The following is the July 12, 2019 Congressional Research Service report, Iran Sanctions.
From the report
Successive Administrations have used sanctions extensively to try to change Iran’s behavior. Sanctions have had a substantial effect on Iran’s economy but little, if any, observable effect on Iran’s conventional defense programs or regional malign activities. During 2012-2015, when the global community was relatively united in pressuring Iran, Iran’s economy shrank as its crude oil exports fell by more than 50%, and Iran had limited ability to utilize its $120 billion in assets held abroad.
The 2015 multilateral nuclear accord (Joint Comprehensive Plan of Action, JCPOA) provided Iran broad relief through the waiving of relevant sanctions, revocation of relevant executive orders (E.O.s), and the lifting of U.N. and EU sanctions. Remaining in place were a general ban on U.S. trade with Iran and U.S. sanctions on Iran’s support for regional governments and armed factions, its human rights abuses, its efforts to acquire missile and advanced conventional weapons capabilities, and the Islamic Revolutionary Guard Corps (IRGC). Under U.N. Security Council Resolution 2231, which enshrined the JCPOA, nonbinding U.N. restrictions on Iran’s development of nuclear-capable ballistic missiles and a binding ban on its importation or exportation of arms remain in place for several years.
JCPOA sanctions relief enabled Iran to increase its oil exports to nearly pre-sanctions levels, regain access to foreign exchange reserve funds and reintegrate into the international financial system, achieve about 7% yearly economic growth (2016-17), attract foreign investment, and buy new passenger aircraft. The sanctions relief contributed to Iranian President Hassan Rouhani’s reelection in the May 19, 2017, vote. However, the economic rebound did not prevent sporadic unrest from erupting in December 2017. And, Iran has provided support for regional armed factions, developed ballistic missiles, and expanded its conventional weapons development programs during periods when international sanctions were in force, when they were suspended, and after U.S. sanctions were reimposed in late 2018.

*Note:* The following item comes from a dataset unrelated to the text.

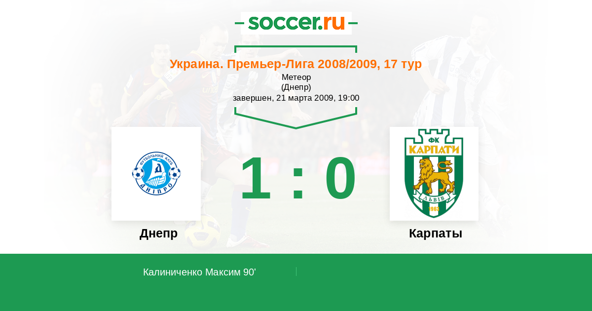 Протокол матча Днепр против Карпаты

The Trump Administration has made sanctions central to efforts to apply “maximum pressure” on Iran’s regime. On May 8, 2018, President Trump announced that the United States would no longer participate in the JCPOA and U.S. secondary sanctions were reimposed by November 6, 2018. The reinstatement of U.S. sanctions has driven Iran’s economy into recession as major companies exit the Iranian economy rather than risk being penalized by the United States. Iran’s oil exports have decreased significantly, the value of Iran’s currency has declined sharply, and unrest has continued, although not to the point where the regime is threatened. But, the European Union and other countries are trying to keep the economic benefits of the JCPOA flowing to Iran in order to persuade Iran to remain in the accord. To that end, in January 2019 the European countries created a trading mechanism (Special Purpose Vehicle) that presumably can increase trade with Iran by circumventing U.S. secondary sanctions. On November 5, 2018, the Administration granted 180-day “Significant Reduction Exceptions” (SREs) to eight countries—enabling them to import Iranian oil without penalty as long as they continue to reduce purchases of Iranian oil. On April 22, 2019, the Administration announced it would not renew any SREs when they expire on May 2, 2019, instead seeking to drive Iran’s oil exports as close to zero as possible. On May 3, 2019, the Administration ended some waivers for foreign governments to provide technical assistance to some JCPOA-permitted aspects of Iran’s nuclear program. The economic difficulties and other U.S. pressure measures have prompted Iran to cease performing some of the nuclear commitments of the JCPOA.